Zwolle hunter scores on biggest buck of his life

Stoney Cotton of Zwolle killed this huge 11-point buck on Nov. 3. It measured 150 1/8.
Stoney Cotton of Zwolle killed this huge 11-point buck on Nov. 3. It measured 150 1/8.

Who knew that Barney Rubble’s next-door neighbor would be part of a story about a huge buck killed in Louisiana’s Sabine Parish?

But Fred Flintstone’s name indeed came up when Stoney Cotton of Zwolle discussed how he killed a huge 11-point buck on Nov. 3 that measured 150 inches.

Cotton said he was watching two does in a shooting lane in front of his 8×8, elevated box blind in a stand of pines that morning when he turned around and looked out the back window of the stand, and there was this trophy buck easing across a lane behind the stand.

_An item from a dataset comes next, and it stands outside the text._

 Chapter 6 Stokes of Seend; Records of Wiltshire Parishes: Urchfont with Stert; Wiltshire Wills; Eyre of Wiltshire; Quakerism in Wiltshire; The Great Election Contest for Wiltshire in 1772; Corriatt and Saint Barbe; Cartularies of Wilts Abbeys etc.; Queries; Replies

“I Fred Flintstone’d my way across the stand in my rolling chair,” Cotton said. “I had to take my gun out of the window and roll across to the other window and get my gun up. When I got ready, his head and neck were in the woods, but I had a decent shot.

“He mule-kicked, so I knew he was hit good. I went down there and found blood. He fell about 70 yards up into a big oak thicket.”

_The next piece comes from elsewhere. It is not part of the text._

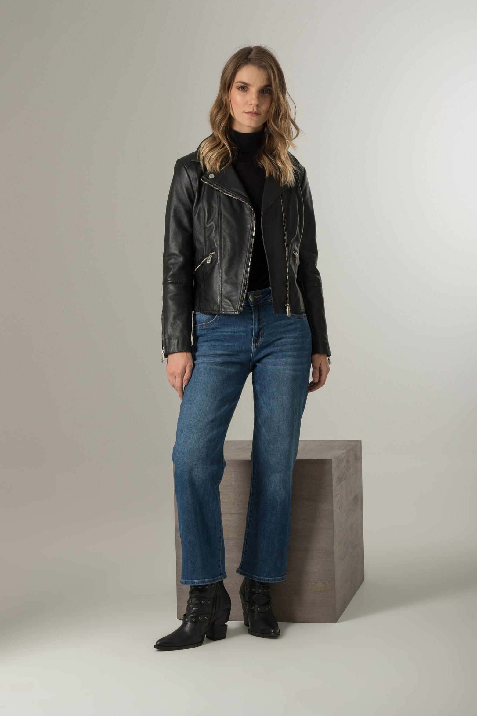 Women’s Island Leather Biker Jacket in Black with Zippers

Cotton, 56, busted the buck at 140 yards with his Remington 7600 rifle, chambered in .30-06.

“When I saw him, he was just walking across. If he was following another deer, I didn’t see it,” Cotton said.

The buck had a 17 1/4-inch inside spread, and hunting buddy, Zach Paul, but a tape measure on the deer and came up with 150 1/8 inches.

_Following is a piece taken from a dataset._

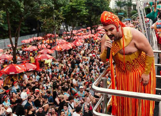 Tiago Abravanel desfila com o Bloco do Abrava, em São Paulo, e homenageia Silvio Santos
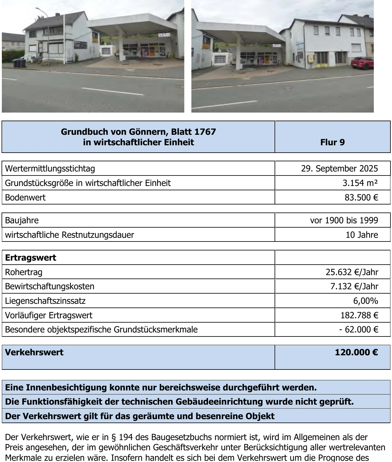 Zwangsversteigerung: Sonstiges, Gewerbeeinheit (z.B. Laden, Büro), gewerblich genutztes Grundstück, Betreiberimmobilien, Sonderimmobilien in Schelde-Lahn-Straße 219, 35716 Angelburg, (Gönnern) mit einem Verkehrswert von 120.000 €. Versteigerungstermin am 17.04.2026 am Amtsgericht Amtsgericht Biedenkopf, 199 m² Wohnfläche, 3.154 m² Grundstück. Inklusive KI-gestützter Gutachtenanalyse mit Investitions-Score und Mängelbewertung.

Everything happens for a reason

Cotton took the buck because a series of hunts in another stand, for another buck, hadn’t worked out.

“I knew this buck; I’d seen pictures of him. He wasn’t on my part of our lease, but he was in another area, and a buddy who had trail cameras out had a list of his Top 10 bucks, and this one was No. 1. I guess he’s got a new No. 1 now,” Cotton said. “This was my first year to put out cameras; I put out three. My brother and I hunt stands, and I had some pictures of a real good one. I hunted this one stand three hunts in a row, and I decided to hunt another stand that day, a stand that didn’t have a camera on it.”

Cotton hadn’t been in his stand long before a couple of does came out in the shooting lane in front of him, feeding on corn he had in a gravity feeder.

“I’ve got mowed lanes in the pines; I mow these lanes every year. We keep two lanes moved, one on either side, with the stand in the middle,” he said. “He came in the lane behind me.”

Cotton said the big buck is his “new, all-time best — and I’ve killed quite a few.”